- [What is expected] Taking the line with "據統(tǒng)計,162分" as the first, copy every line through the end of the records below exactly. Do not include pictures.

- [Input data]
*** Begin section ***

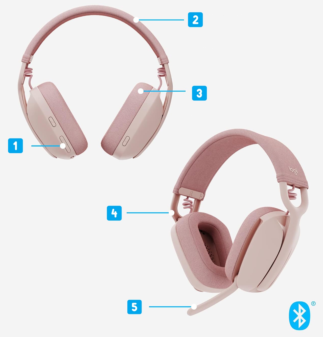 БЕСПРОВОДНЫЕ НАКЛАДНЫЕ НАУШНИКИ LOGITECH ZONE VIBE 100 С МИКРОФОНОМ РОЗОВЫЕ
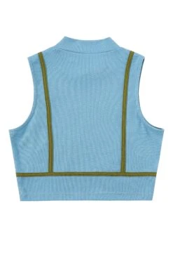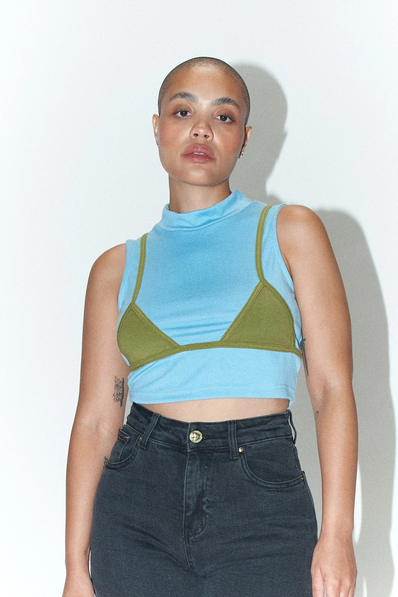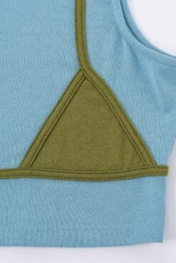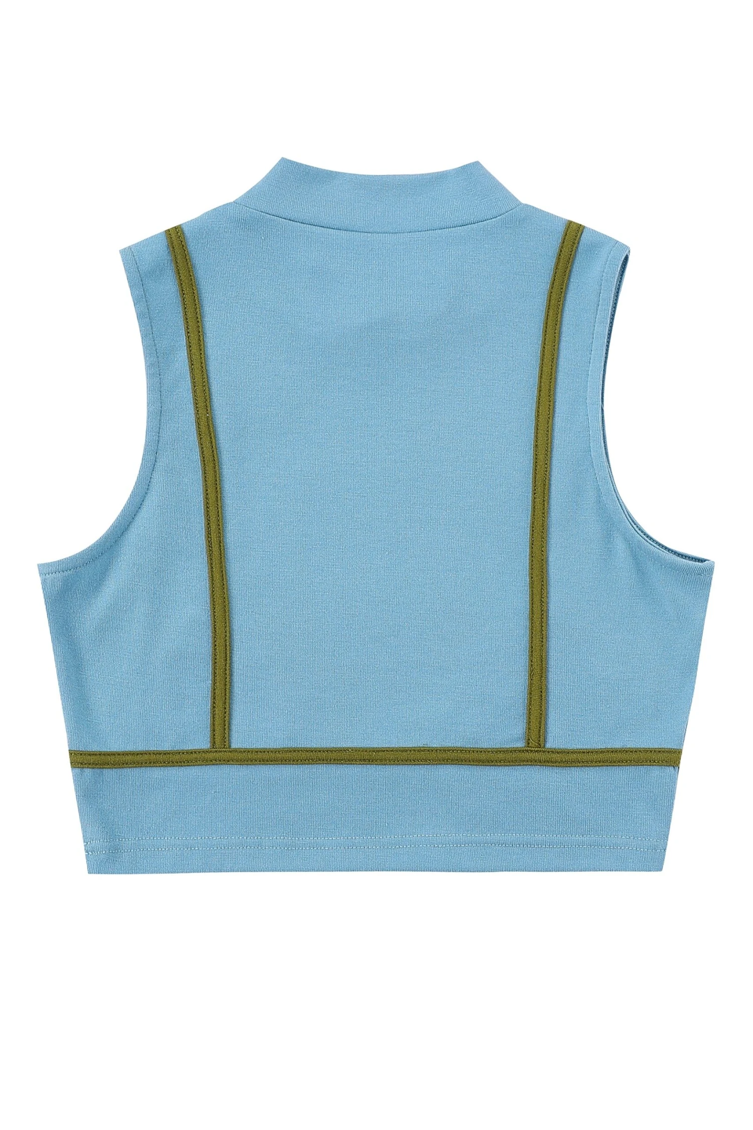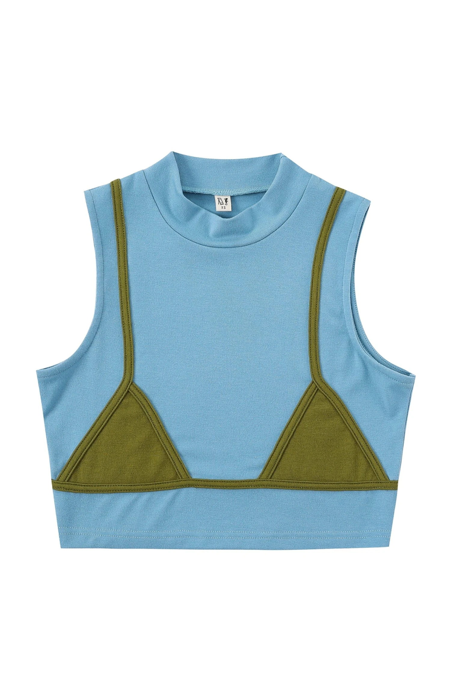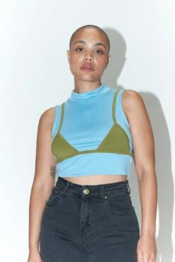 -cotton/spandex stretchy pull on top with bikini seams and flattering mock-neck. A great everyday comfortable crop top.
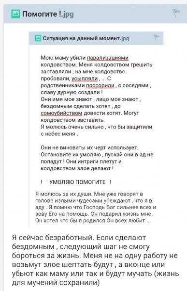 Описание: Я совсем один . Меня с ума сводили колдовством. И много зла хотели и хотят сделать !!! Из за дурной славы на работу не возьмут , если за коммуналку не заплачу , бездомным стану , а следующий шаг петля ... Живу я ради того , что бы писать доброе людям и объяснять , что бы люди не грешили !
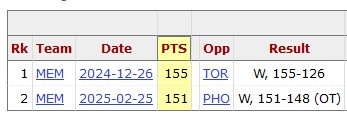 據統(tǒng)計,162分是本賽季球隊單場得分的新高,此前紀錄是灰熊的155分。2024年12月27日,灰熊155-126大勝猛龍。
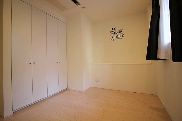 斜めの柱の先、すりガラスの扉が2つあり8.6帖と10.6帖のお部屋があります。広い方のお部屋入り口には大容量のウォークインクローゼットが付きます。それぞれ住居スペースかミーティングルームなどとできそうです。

*** End section ***

- [Answer to this exercise]
 據統(tǒng)計,162分是本賽季球隊單場得分的新高,此前紀錄是灰熊的155分。2024年12月27日,灰熊155-126大勝猛龍。
 斜めの柱の先、すりガラスの扉が2つあり8.6帖と10.6帖のお部屋があります。広い方のお部屋入り口には大容量のウォークインクローゼットが付きます。それぞれ住居スペースかミーティングルームなどとできそうです。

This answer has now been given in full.